The war in Vietnam begins. Enlistment propaganda floods every media outlet in the nation. But a number of mental health patients that had begun to reject the missile fuel derived drugs, along with a young generation with a new right of passage, presented a problem for the war – a low supply of troops that responded to the media’s call to war. It seems not many were willing to fight.

The public was reluctant towards the war. Psychedelics had likely given rise to something new – a population rejecting of political institutions and authority. The Nixon administration, not known for subtlety, subsequently began a domestic war – The war on drugs. Enter drug scheduling laws. 

Hippies who openly used psychedelics were now a target for law enforcement and jailed for simply using a substance that showed more promise for the relief of mental illness and expanding consciousness than most methods that had previously been developed. Protests began, and worse still, the research into psychedelics was halted with all compounds, including LSD. They had now been set to Schedule 1 – Drugs that are potentially deadly with no identifiable medical use. Cocaine is Schedule 2 because it can be used as a numbing agent for dental surgery.

Drugs such as isocarboxazid and its derivatives once again became the best pharmacological remedies for mental illness, and clinical research into psychedelics was outlawed. The SSRIs we’ve come to know today were still more than twenty years away from development, leaving a portion of the population once again choking down the old war to relieve the anxiety from the new one.

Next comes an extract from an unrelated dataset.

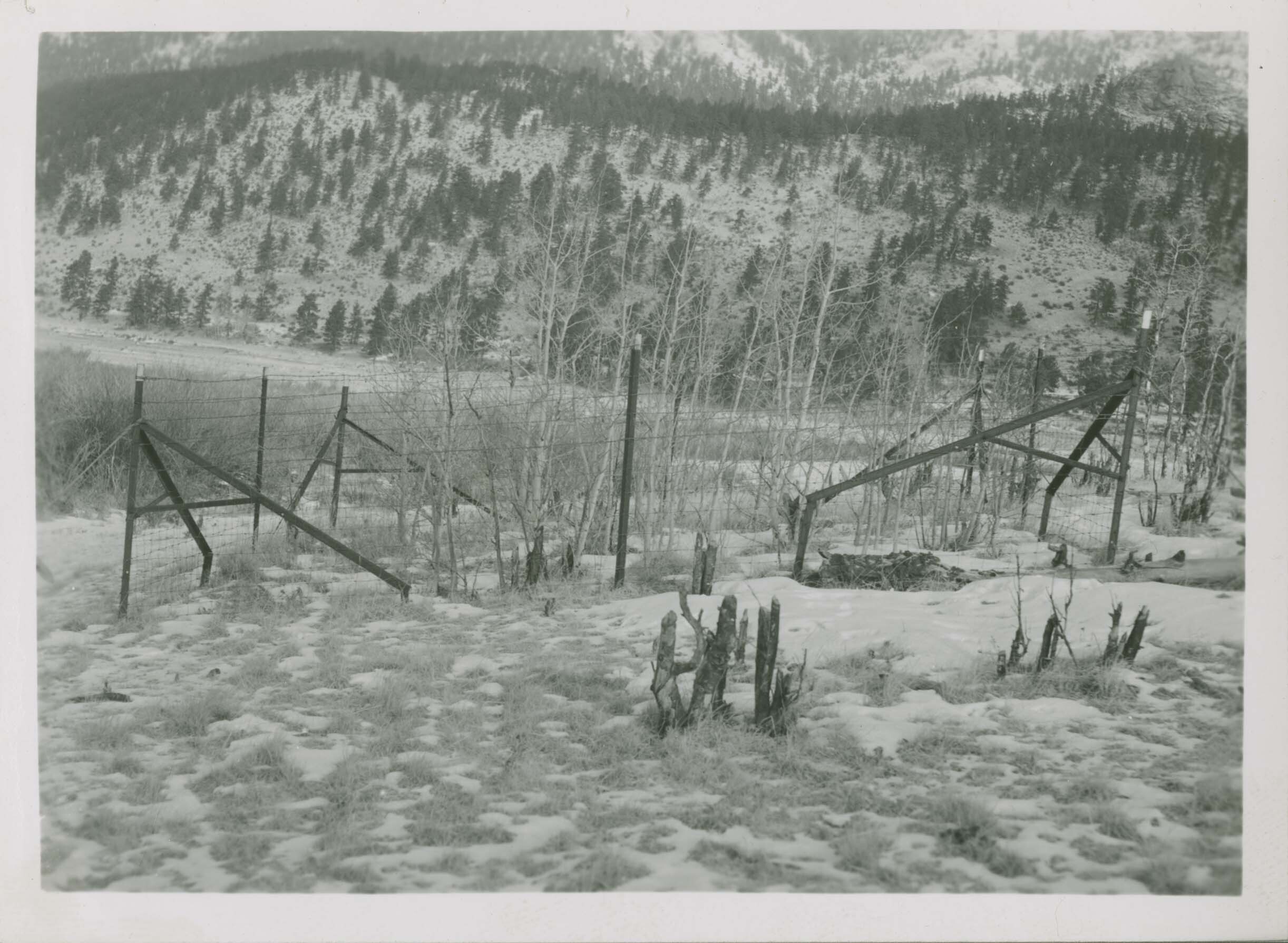 Range enclosure protecting aspen reproduction from destruction by elk and deer. Locality: East end of Horseshoe Park, Rocky Mountain National Park. Negative #: 11501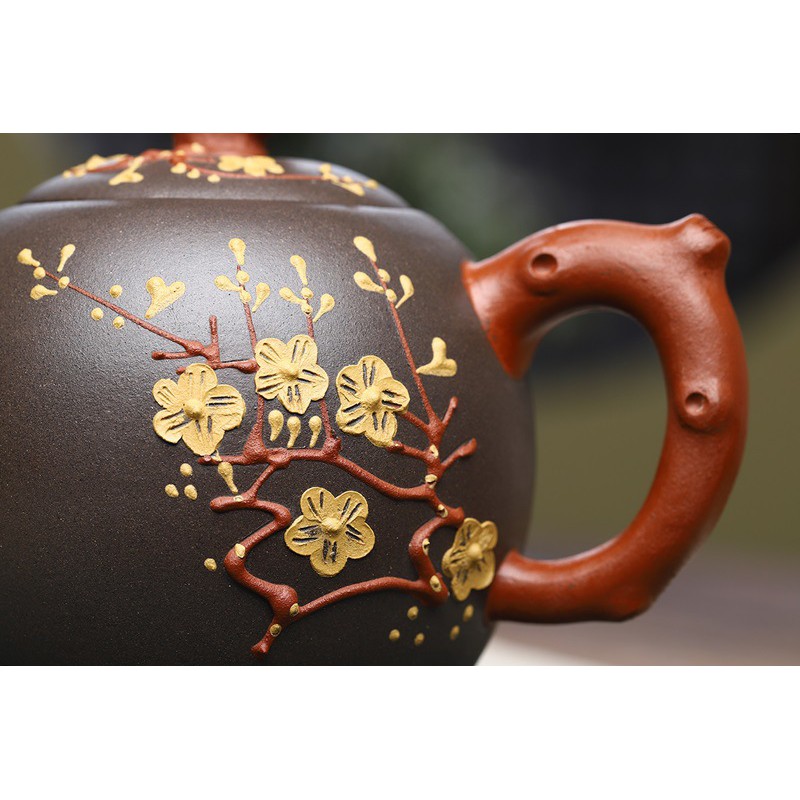 Hoa văn 02 mặt ấm: đắp nổi họa tiết hoa mai Lọc: lọc đa khổng 09 lỗ, đảm bảo nước chảy mạnh không bị tắc, ngắt nước tốt (đã kiểm tra) Kích thước ấm: Tổng chiều dài: 13.2 cm * chiều cao 9.5 cm * Rộng nắp ấm 5.2 cm Dung tích: 280 ml+/- 05 ml (dung tích vừa phải cho các Trà hữu) Chất liệu: nguyên khoáng Đoạn Nê, Thiên Thanh Nê Thương Hiệu/Nghệ nhân: Thẩm Quốc Cường - 沈国强 , mã số giấy chứng nhận trong bộ sưu tập: GJT/1846, xuất xứ: Nghi Hưng, Trung Quốc Tên tác phẩm: Báo Xuân Hoa Số triện: Triện dưới đáy ấm, quai ấm, thành ấm bên trong và nắp ấm. Sản phẩm bao gồm Giấy chứng nhận xuất xứ của Nghệ nhân để trong ấm và Hộp đựng.

But as with all things worthy of preservation, a group of devoted researchers along with those who believed in the potential healing properties of the psychedelic class of molecules kept the production, distribution and education of these compounds alive through sanctioned phase trials despite the threat of imprisonment.

WW2 missile fuel became a (sub-optimal) depression treatment, new molecules then appeared to become teachers, students became hippies, hippies became the voices of the modern cry for a better future. 

Today, after decades of refined testing, protesting, thousands of recorded first hand accounts of successful reduction in symptoms of mental illness and advances in technology; we are beginning to see what the potential for a better future in mental health.

“Since wars begin in the minds of men, it is in the minds of men that the defenses of peace must be constructed.” – Tristan Tzara  

The attempt to use materials of war to treat the human condition proved an inadequate solution. But as if by fate, molecules began to be accidentally discovered and rediscovered again in ancient plant medicine that could offer a safer and more lasting solution. Molecules, the majority of which, have found their origins in (natural) plants, rather than (industrial) plants.

We are only just beginning to understand this dilemma of plants vs plants. Industry vs Nature. 

It is difficult to predict where the next few decades will take us. 

Yet the question we must ask is a simple one – What can the lessons of history tell us about our future?